**Brief:** Your task is to copy exactly the lines from the line containing "Modern Blue And" through the end of the listing below, with pictures left out.

**Information provided:**
»»

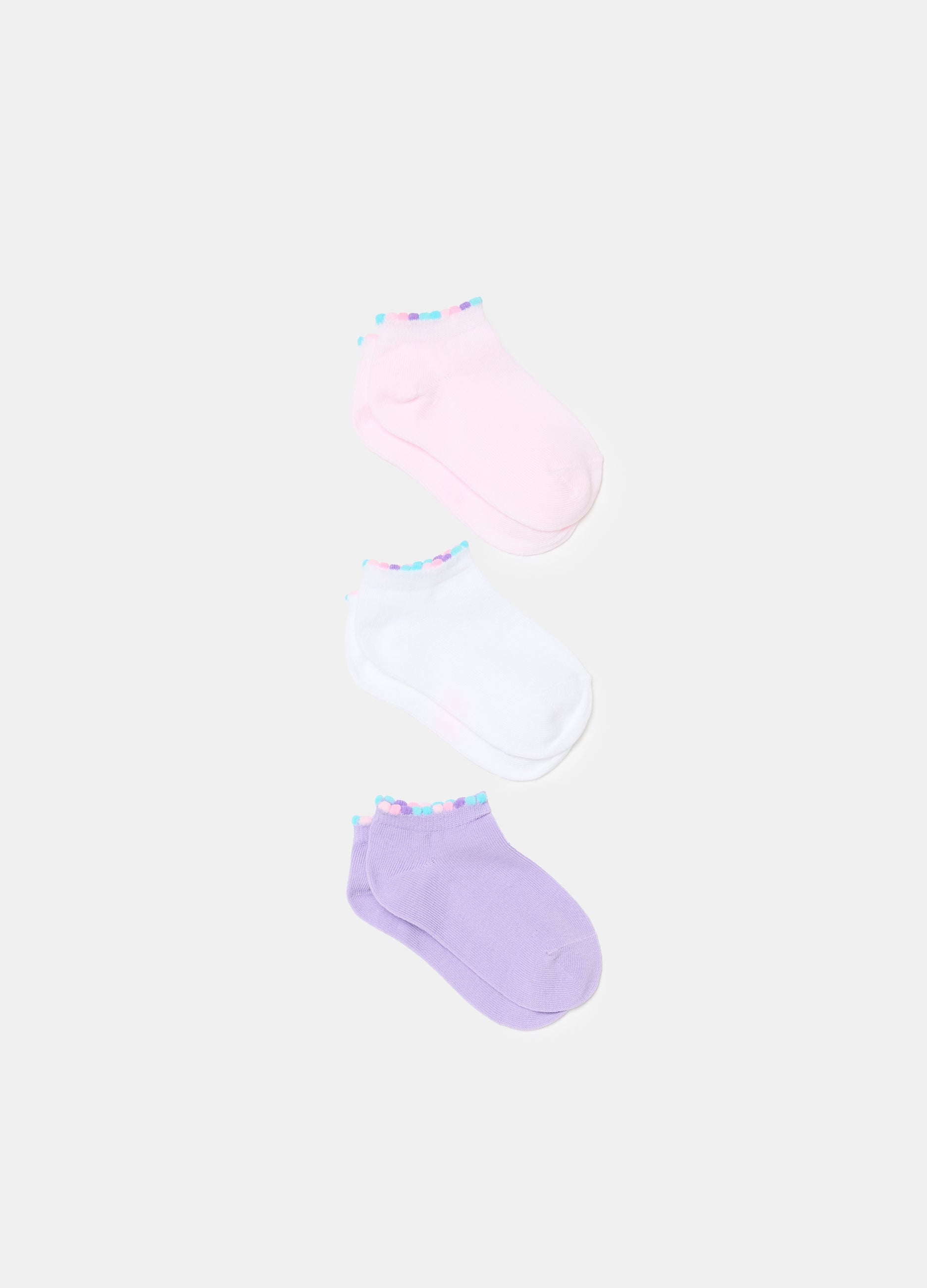 Three-pair pack shoe liners in stretch cotton blend. Wavy edge with multicoloured pattern.
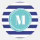 Modern Blue And Aqua Stripes Monogram Classic Round Sticker
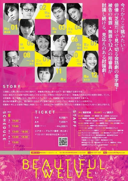 株式会社アートカルチャーズ主催、『Beautiful Twelve ~ 美しき12人 ~』がにシアター・アルファ東京(東京都渋谷区東3-24-7B1F)にて上演されます。 チケットはカンフェティ(運営:ロングランプランニング株式会社、東京都新宿区、代表取締役:榑松 大剛)にて発売中です。

««

**Exercise response:**
 Modern Blue And Aqua Stripes Monogram Classic Round Sticker
 株式会社アートカルチャーズ主催、『Beautiful Twelve ~ 美しき12人 ~』がにシアター・アルファ東京(東京都渋谷区東3-24-7B1F)にて上演されます。 チケットはカンフェティ(運営:ロングランプランニング株式会社、東京都新宿区、代表取締役:榑松 大剛)にて発売中です。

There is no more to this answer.